A board does not exist principally to tick boxes — real board business starts when all the fiduciary obligations are observed and met.
TUSA: I never experienced factionalism as such on any board I served on. There were, of course, differences of approach and outlook among members. For instance, the board at English National Opera was said to be composed of “suits” — that is bankers and businesspeople — and “luvvies” — artists and such like.
In practice, most of the “suits” had the heart of a “luvvie,” and many of the “luvvies” had minds like suits. The board never divided along these lines. Similarly, at the British Museum, the trustees included distinguished academics concerned with scholarship and high-powered businesspeople concerned with governance. There were differences of approach and opinion, but all were united in achieving the best for the museum.
If a board were to descend into factionalism, it would be the chair’s absolute responsibility to identify the causes and to debate and discuss them to the point of reconciliation. Changes of membership might be needed. To be clear: A divided, faction-ridden board represents an existential threat to the successful working of any organization. It must not be allowed to persist.
A Good Board Needs Both Skills and Personality
BRINK: What are the characteristics boards should look for in searching for new members?
TUSA: A senior executive at Akram Khan Company, a major international dance company told me: “We spend as much time searching for our trustees as we do searching for our dancers.” His approach is right. Don’t rush the process.
Consider the basic questions: Does your board need re-balancing in the interests of gender or ethnic diversity? This matters. Canvass existing board members for suggested newcomers. Beware of recruiting someone just because an existing board member knows them from another board. This becomes too cozy.

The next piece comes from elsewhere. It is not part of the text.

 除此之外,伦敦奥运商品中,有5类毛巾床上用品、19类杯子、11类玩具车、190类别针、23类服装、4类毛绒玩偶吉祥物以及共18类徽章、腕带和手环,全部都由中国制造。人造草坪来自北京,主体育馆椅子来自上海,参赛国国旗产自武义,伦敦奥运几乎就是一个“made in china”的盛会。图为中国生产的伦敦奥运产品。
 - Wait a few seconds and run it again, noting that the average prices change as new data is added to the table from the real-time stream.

Decide what special skill set you need for the board. What follows is vital. You are not recruiting an accountant, a lawyer, a corporate executive, a media personality, though you will want and need those skills. A good board needs whole people who bring both their skill and their personality to the table. And the latter is the more valuable. An effective board is not composed of specialists. It needs generalists who also possess a particular skill.
BRINK: Have the fiduciary requirements of being a board member changed?

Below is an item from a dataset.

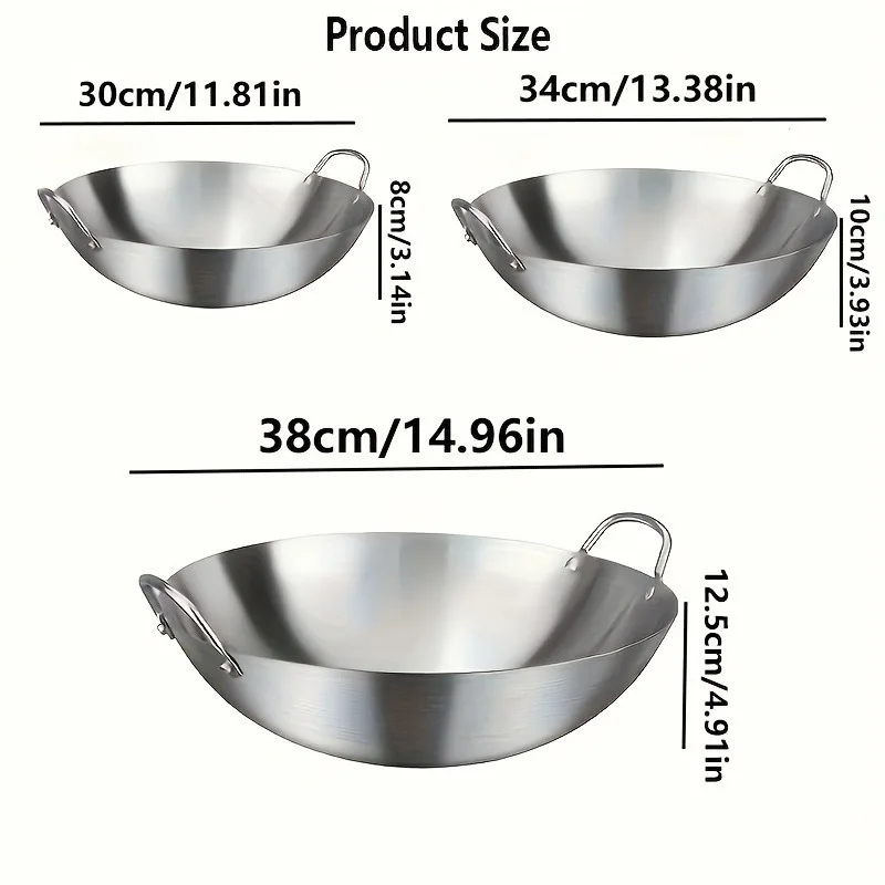 1pc Large Stainless Steel Wok, Uncoated Thick High-Quality Durable Chef’S Pan with Dual Handles, Easy to Clean for Commercial

TUSA: They get more detailed, more onerous as time goes by. They must be followed and observed. Any effective board allots special responsibility for fiduciary responsibilities to a handful of key board sub-committees. Main board business should not be dominated or defined by noting and recording fiduciary observance.
A board does not exist principally to tick boxes. If that was all a board did then it would not be doing its job. Real board business starts when all the fiduciary obligations are observed and met. Hard board business is not and cannot be defined in advance or achieved merely by observing rules and meeting obligations.
BRINK: Do boards have a moral obligation to help their companies do more than just make profits?
TUSA: I very much doubt that boards have any moral obligation of the sort. If they feel such an obligation personally, they should pay from their own pockets. However, if executives decide that a company or organization might benefit reputationally from an actively involved social role, the board would be asked to endorse it just like any other business-led decision.
Many organizations are active in various social or community projects. Their staff approve of it and may feel better about their own company as a result. I have no difficulty with companies acting on the basis of “enlightened self- interest.” It is a far more solid ground for action than the often disputed grounds of morality.